Tra i cosiddetti PIIGS, dopo la disastrata Grecia, il Portogallo era forse quello messo peggio all’apice della crisi del debito sovrano. Senza poter ricorrere ai vantaggi fiscali dell’Irlanda – che con una corporate tax ultra bassa del 12,5% si può permettere di attirare investimenti aziendali – il Portogallo è riuscito a ottenere una crescita sostenibile dopo anni di austerity imposta dalla Troika, grazie a un incremento delle esportazioni e a un maggiore consolidamento fiscale.

Sono due obiettivi che anche l’Italia dovrebbe puntare a raggiungere. Il governo portoghese, nato da un’alleanza tra socialisti e comunisti, ha fatto ricorso a misure liberali per rilanciare l’economia, ma queste sono state accompagnate da una serie di cuscinetti sociali, che hanno garantito welfare per tutti anche a sostegno dei meno abbienti e dei disoccupati (sulla falsa riga di quanto vorrebbe fare il M5S).
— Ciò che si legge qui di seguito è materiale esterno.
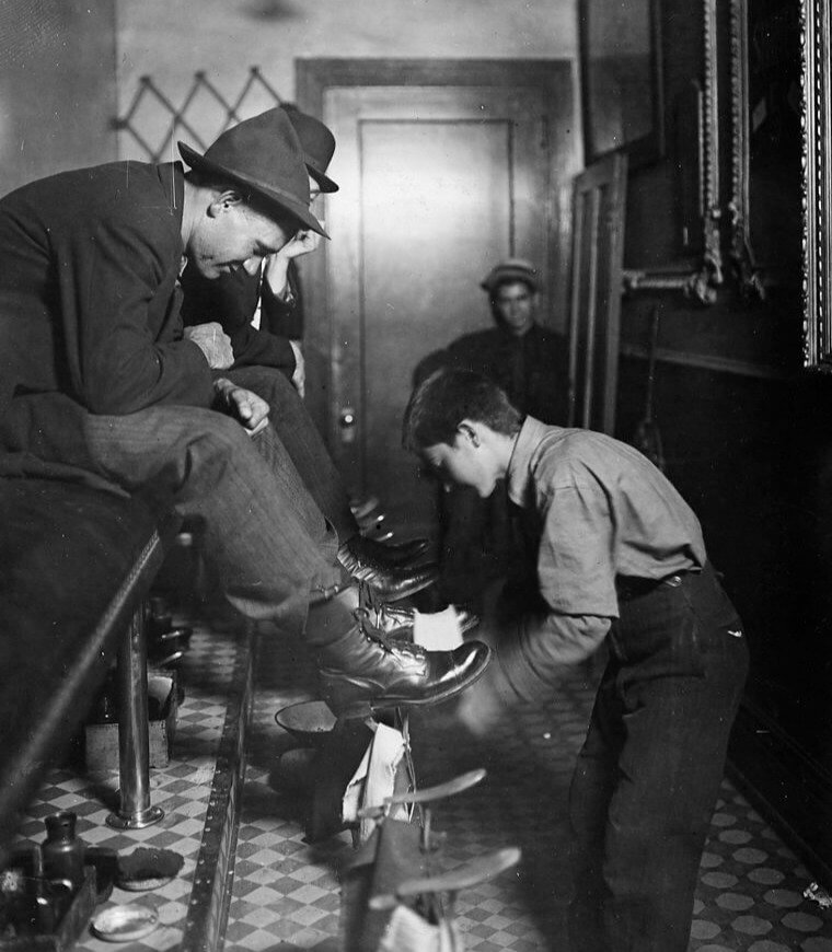 Os engraxates estavam por toda parte durante toda a era vitoriana. Muitas vezes você os via com um pequeno bloco para você colocar seu sapato que eles poliam, limpando toda a sujeira da rua fazendo-os parecer novos. No entanto, a graxa de sapato mais popular e acessível usada era um produto químico forte: o nitrobenzeno, que poderia causar sérios problemas de saúde, especialmente após exposição repetida.

Il tasso degli investimenti lordi delle aziende non finanziarie in Portogallo rispetto all’UE a 28 (media mobile a 4 anni)

È stato aumentato il salario minimo e sono state ridotte le tasse, sono stati aumentati gli stipendi del settore pubblico ed è stata migliorata la protezione sociale per le famiglie più povere. Una grande differenza programmatica tra i due paesi è che con la flat tax Salvini ha intenzione di abbassare le tasse dei più ricchi, invece il Portogallo ha imposto una sorta di tassa patrimoniale sulle case con un valore superiore ai 600 mila euro.
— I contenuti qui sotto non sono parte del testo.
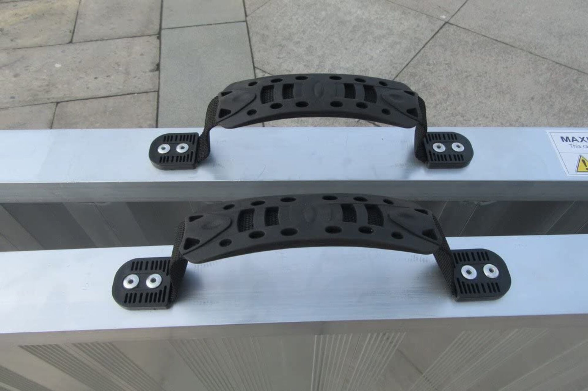 Aluminium anodisé à haute résistance ainsi que la surface ultra-antidérapante.La rampe est équipée d'une poignée de transport confortable et résistante.

Il Portogallo era in coda all’Europa e ora si trova in testa in ambiti come lavoro e Pil. Il governo Costa è stato in grado di migliorare il mercato del lavoro stimolando la domanda. In un delicato gioco di equilibri, il primo ministro è riuscito a soddisfare le domande della troika, abbassando il deficit di bilancio ai minimi dal 1974.
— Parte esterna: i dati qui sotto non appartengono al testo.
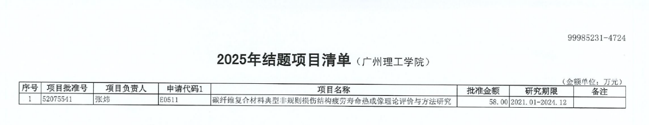 近日,我校接到国家自然科学基金委员会通知,KY开元集团张炜教授主持的国家自然科学基金项目《碳纤维复合材料典型非规则损伤结构疲劳寿命热成像理论评价与方法研究》(批准号52075541),通过国家自然科学基金委员会验收,顺利如期结项。
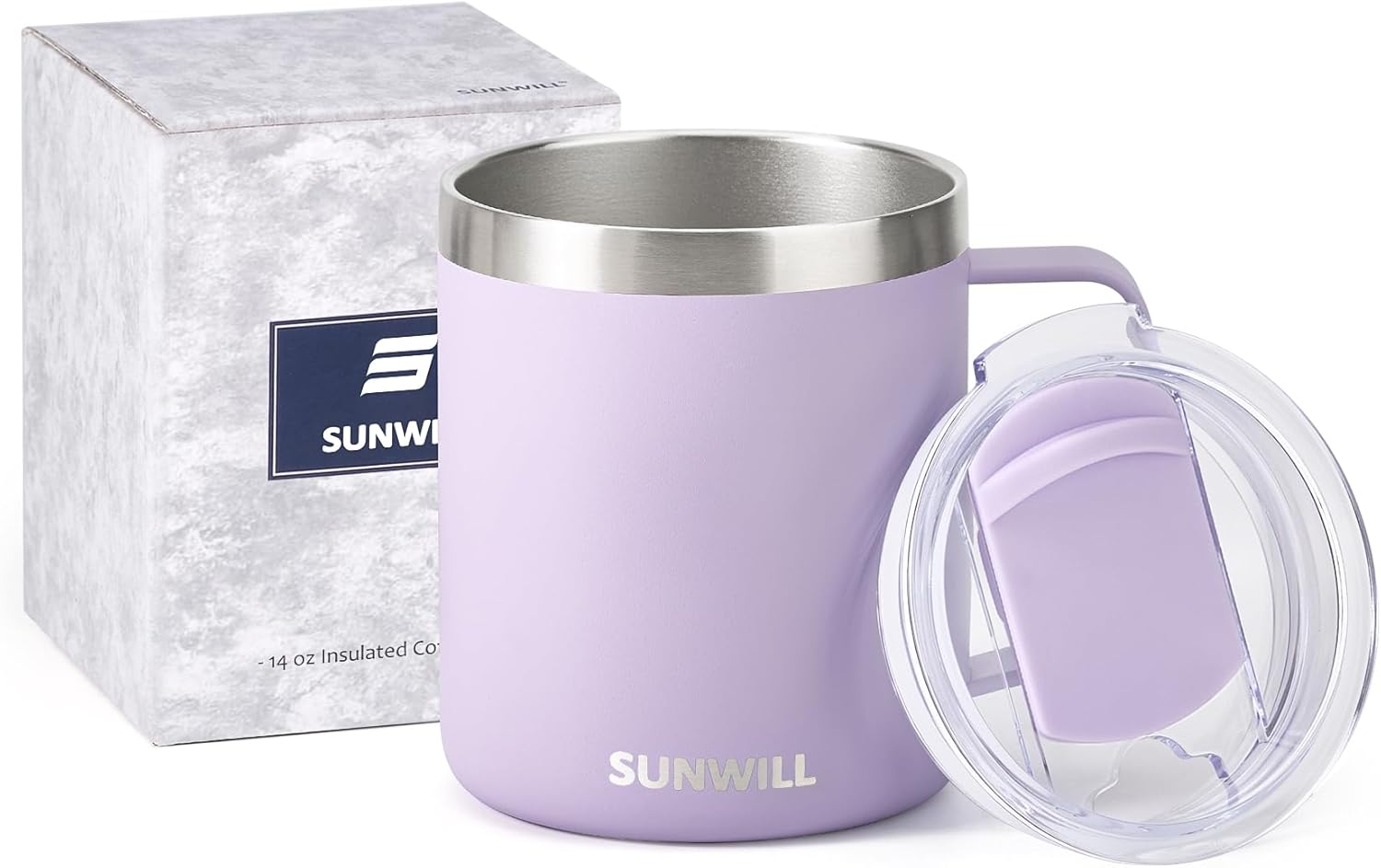 SUNWILL Travel Coffee Mug with Lid, Insulated Tumbler with Handle, 14 oz Stainless Steel Cup for Home, Office, Camping, Powder Coated Orchid

Il programma di aiuti esterni è stato prolungato nel 2014, ma il segreto è stato quello di stimolare l’economia prima di attuare le riforme rigide dal punto di vista fiscale come invece è toccato fare alla Grecia. La percentuale di disoccupati, che era balzata sopra il 18%, è ora inferiore alla media Ue (7,8%). Il paese ha un tasso di crescita del Pil molto vicino al 3%. Il cambiamento però non è arrivato da un giorno all’altro, bensì dopo quasi vent’anni di riforme.

Portogallo: rinascita resa possibile da 20 anni di riforme

Come riconoscimento per i risultati ottenuti, il ministro delle Finanze portoghese Mário Centeno è stato nominato alla guida dell’Eurogruppo. Questo la dice lunga sulla credibilità della ripresa economica ottenuta. Lui stesso in un lungo articolo di analisi economica pubblicato in settimana spiega come il Portogallo è riuscito a “girare l’angolo”.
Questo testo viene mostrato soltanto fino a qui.